Home > Uncategorized > Interest rates in The Netherlands (1590-2012) and the UK (1703-1912)

Interest rates in The Netherlands (1590-2012) and the UK (1703-1912)

I should be doing other things but Paul Krugman mentioned a Bank of England study by Sally Hills, Ryland Thomas and Nicholas Dimsdale with an Excell sheet which contains three centuries of UK interest rates. Which can of course be compared to four centuries of Dutch interest rates (sources here), the UK series has been extended wit three years…

Interest rates

The main take away: differences between the UK and the Netherlands were, except for the years of high inflation in the UK around 1970, limited. No bond vigilantes in normal years, not even when Dutch government finances were in very dire straits, i.e. between 1815 and 1860. Dutch government rates were up to about 1880 significantly higher than in the UK (spread in normal years about 1880 0,8/1.5%) but this is quite small compared with present differences in the -Eurozone. It is also remarkable that household rates (mortgages) after 1780 were not higher than government rates, unlike today. But we do see spikes in years of political upheaval:

1 . 1815. Establishment of the new Dutch-Belgian Kingdom of the Netherlands

2. 1830. Belgian revolt, Kingdom splits into The Netherlands and Belgium

3. 1848. Constitutional crisis (this was a very revolutionary year in Europe)

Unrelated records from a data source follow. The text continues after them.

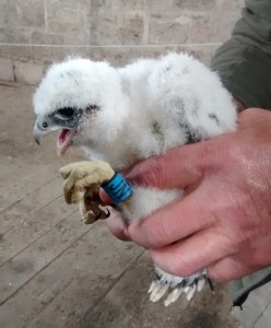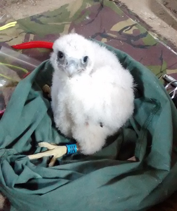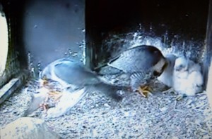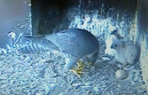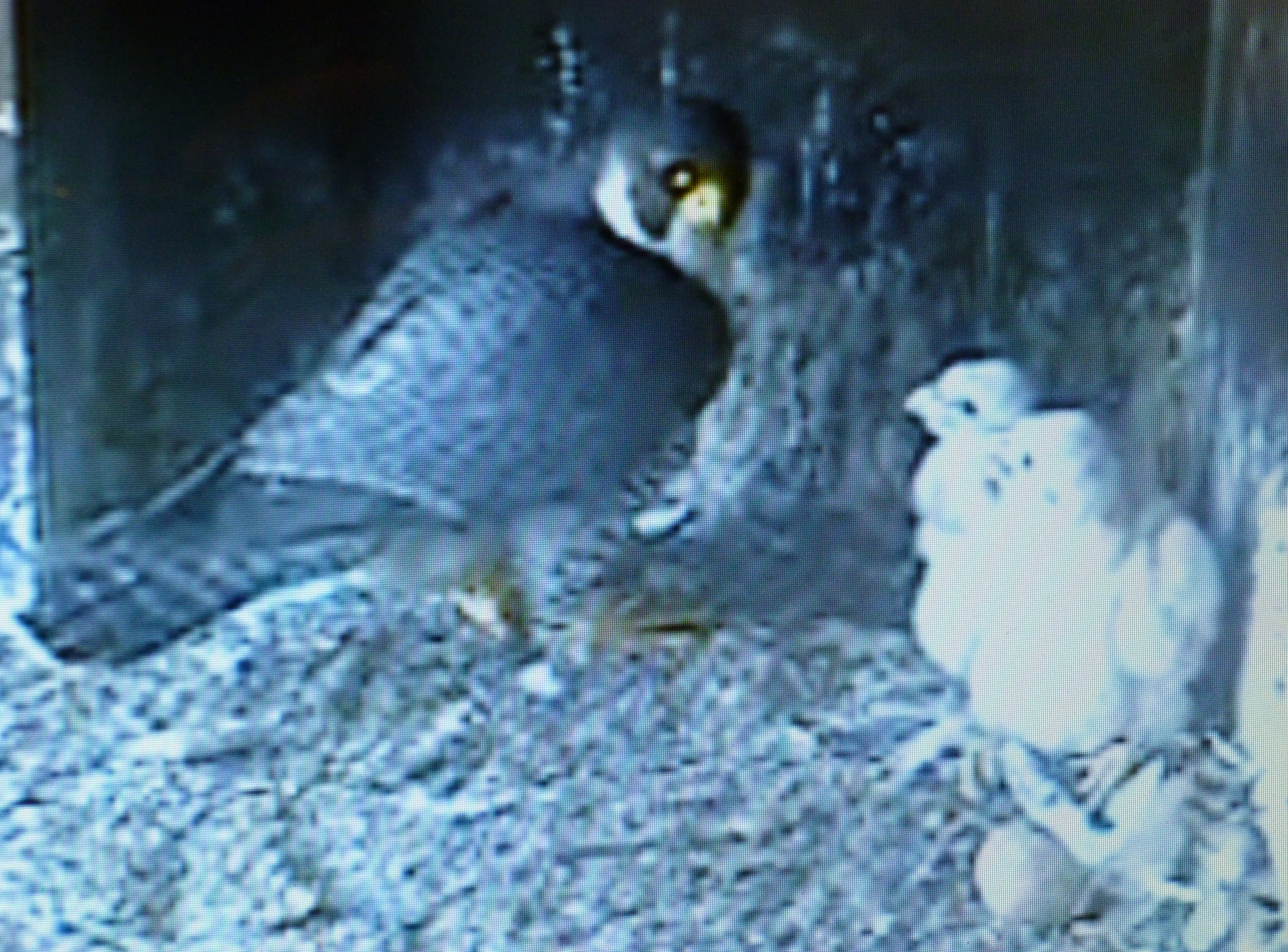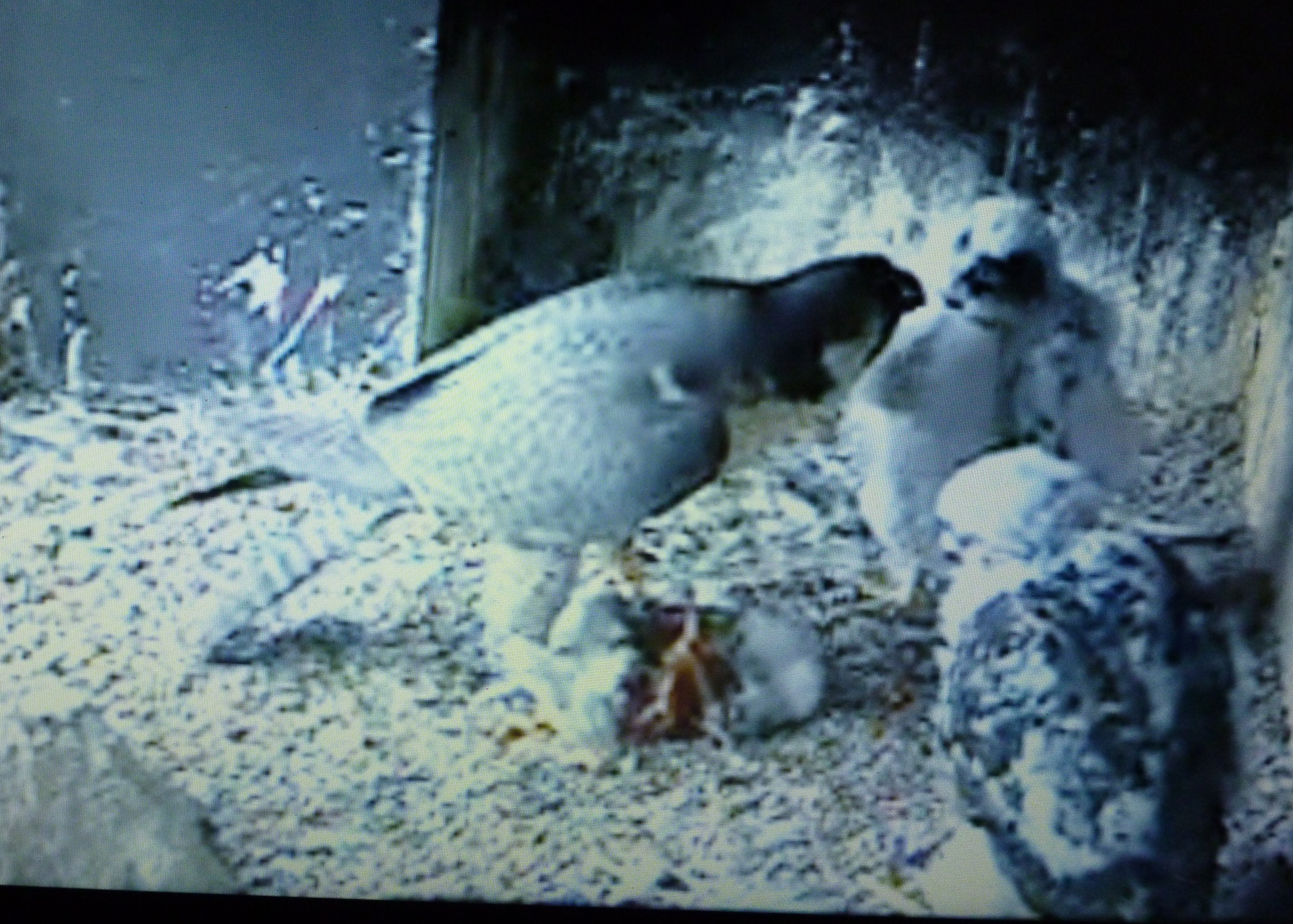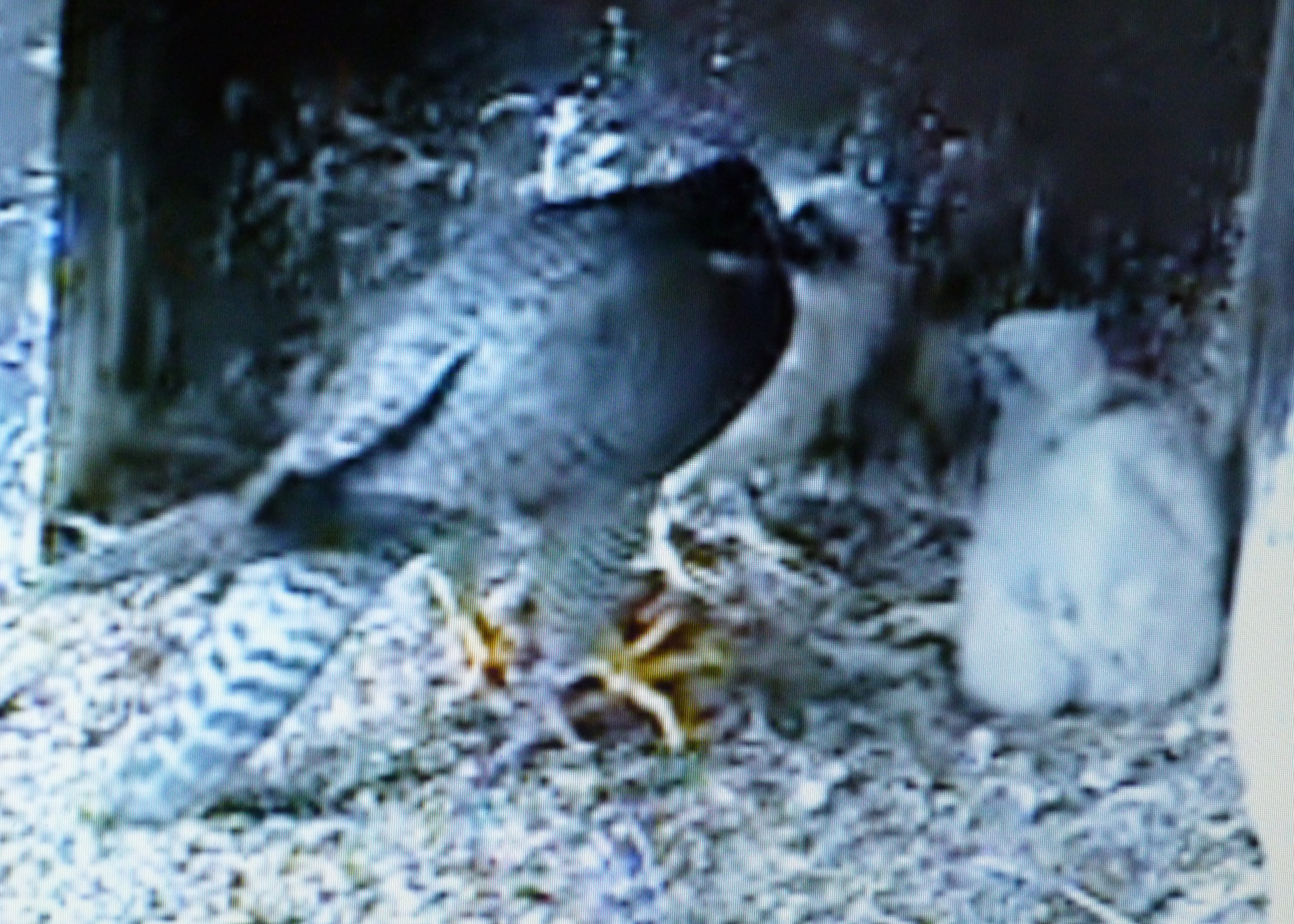 May23 update. Three weeks old and the two chicks have been weighed, to check development and discover that we have one female and one male this year, and had identifying leg rings fitted, to help with scientific study of survival rates and dispersion of urban peregrines. They appear to be healthy and growing well. This despite the adults seeming to spend as much time clearing their Exeter airspace of other raptors especially buzzards, as they do hunting for prey to feed their chicks.
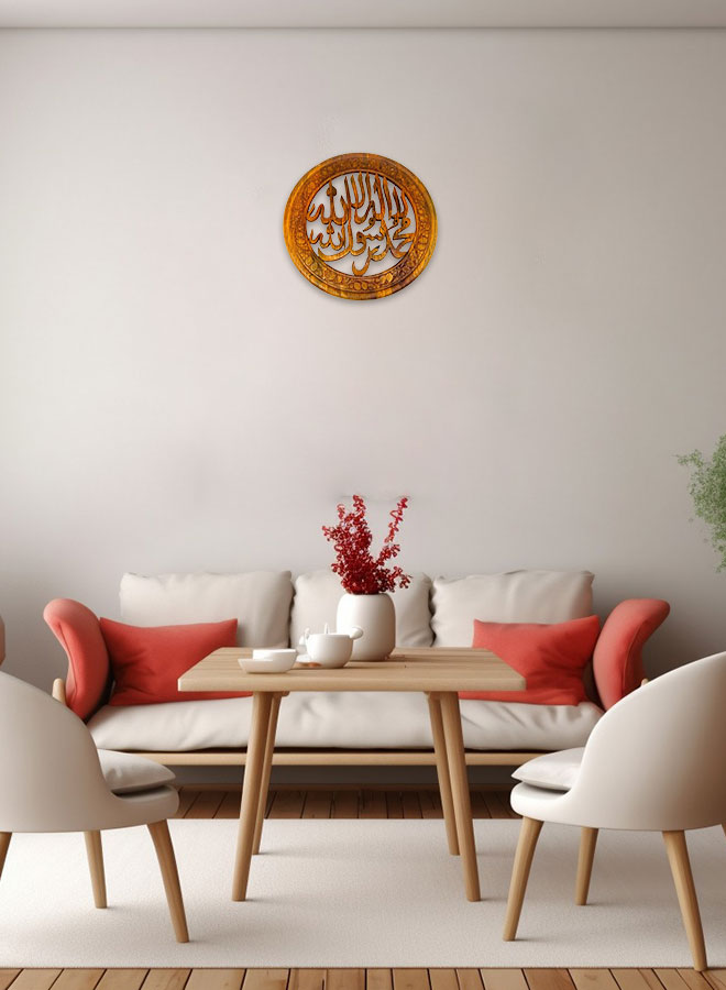 Enhance your living space with this handmade wooden wall hanging frame showcasing the Kalima Tayyiba in beautiful Arabic calligraphy. Designed in a rounded wooden frame, this Islamic decor piece serves as both a spiritual reminder and a stunning art piece for any wall. A perfect addition to homes, prayer areas, mosques, or as a thoughtful Islamic gift.
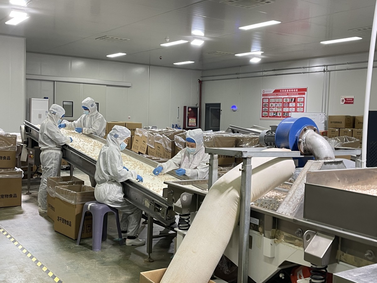 冻干食品采用真空冷冻干燥技术,能将新鲜蔬菜、肉类等食材中的水分直接去除,保持食材的色泽、风味、外观性状基本不变,最大程度保留食材中的维生素、矿物质、蛋白质等营养成分,可在常温下长期贮存、运输。这种技术在方便速食、宠物食品中广泛应用。基于冻干食品产业广阔的市场前景,2021年长子县在经济技术开发区筹建冻干食品产业园,2022年引进山西星萌科技有限公司,启动冻干宠物食品加工项目。
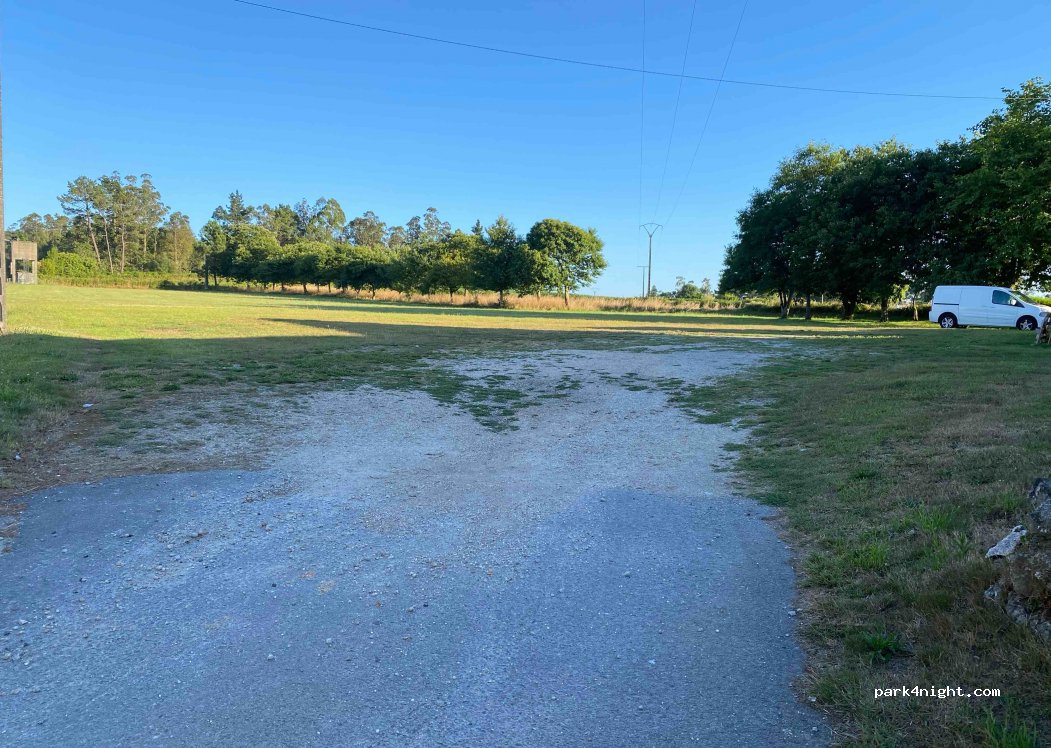 Gran explanada de césped nivelada y con algo de sombra. Es el aparcamiento del restaurante A Taberna, que está justo al lado y que lo han habilitado para pasar día y noche. Totalmente recomendable comer en el restaurante; muy amables, la comida exquisita (pulpo y croquetas riquísimas) y súper bien de precio. ¡Un 10!

4. 1920. Height of WW I induced inflation, after 1920 prices however fall from a cliff

5. 1974. Height of first oil crisis

6. 1980. Volcker interest shock (which forced the Netherlands to increase interest rates, despite much lower levels of inflation than in the USA’

7. 1990, Reunification of Germany (which led to higher interest rates in the Netherlands)

 

 

  1. William Neil
    October 29, 2013 at 12:36 am

    Well, thanks very much for this. When I was researching my long essay, “Debt, Deficits and Balanced Budget Bull,” in 2010, and we were all waiting with Niall Ferguson for the ride of the bond vigilantes, I came across a paper by a West Coast economist who studied interest rates on British government bonds when their national debt was at its 19th Century height – a supposedly catastrophic level, at least by current vigilante standards, somewhere in the neighborhood of 200- 230% of GDP, with due caution given by the author to compiling these statistics from those early 19th century years. He maintained there was no crowding out, interest rates did not take off and Great Britain went on – think about those years, to fund the heyday of its industrial revolution; or at least its private entrepreneurs were able to round up the capital to built those satanic mills. And these peak debt years were 1815-1840 or so, the debt having been run up by the nearly constant warfare, the Napoleonic Wars from the 1790’s until Waterloo in 1815.

    Anyone else want to wade into those years and the conclusions; this was little before current efforts to debunk Rogoff and Reinhart. I had reached my own conclusions after reading James Galbraith’s book “The Predator State” and its Chapter entitled “The Impossible Dream of Budget Balance.